Village in Worcestershire, England

Wychbold is a village in the Wychavon district of Worcestershire. The village is situated on the A38 between Droitwich Spa and Bromsgrove, and by Junction 5 of the M5 motorway. Its population was 2,001 in 2021.

The first records of Wychbold suggest that it was of great importance to the Anglo-Saxons, particularly in regards to its proximity to Droitwich Spa. The village is known primarily for the garden centre Webbs of Wychbold.

==Toponymy==
The name Wychbold is derived from the Old English wīc–bold, meaning "Dwelling near the trading settlement". It has been recorded as Uuicbold (692) and Wicelbold (1086, Domesday Book). The "wych" element ("near the trading settlement") is likely to refer to Droitwich.

==History==

===Iron Age to Roman times===
Evidence has been found of human settlement in Wychbold from the Iron Age and Roman times.
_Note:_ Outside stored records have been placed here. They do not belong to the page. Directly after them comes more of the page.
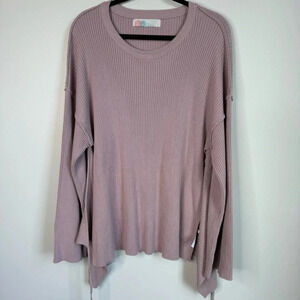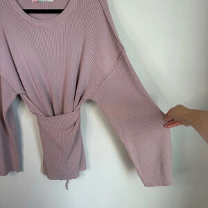 Free People Beach Purple Tie Wrap Ribbed Wide Sleeve Oversized Sweater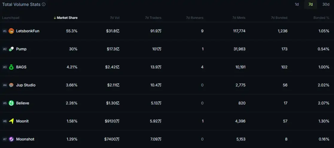 过去的 7 天,Letsbonk.fun 的市场份额仍然超过了 50%,继续保持榜首的位置。pump.fun 声量的回暖,主要是因为「次新币」的优秀表现,其实并没有太多引起广泛讨论的「新币」。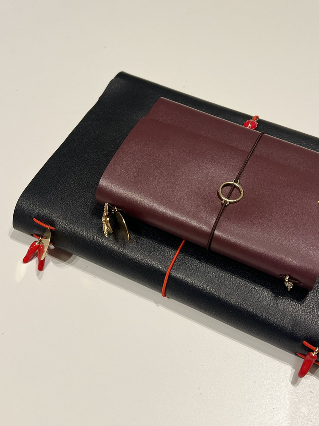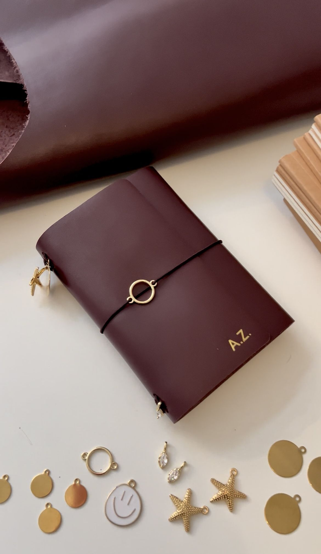 Du wählst Leder, Gummibandfarben und Charms und kannst Namen, Initialen oder Wörter ins Leder sowie auf kleine Metallanhänger gravieren. Es gibt zwei Größen zur Auswahl: DIN A5 – klassisches Notizbuchformat und Kompakt – perfekt für die Handtasche, mit Platz für den Pass.

Various pits, ditches and postholes have been found in sites throughout the village, indicating the presence of roundhouses and a permanent Iron Age settlement. Archaeologists have also found various significant items from the Iron Age, such as broken vessels and a salt container from the Malvern Hills and Droitwich Spa. The presence of pottery from Malvern suggests that Wychbold had strong trade links outside of its immediate area, even in the Iron Age.

Wychbold is located on an old Roman road and salt road, now the A38. Romans are believed to have settled in the Wychbold area between the 1st and 4th century, shown by the presence of Severn Valley and samian pottery.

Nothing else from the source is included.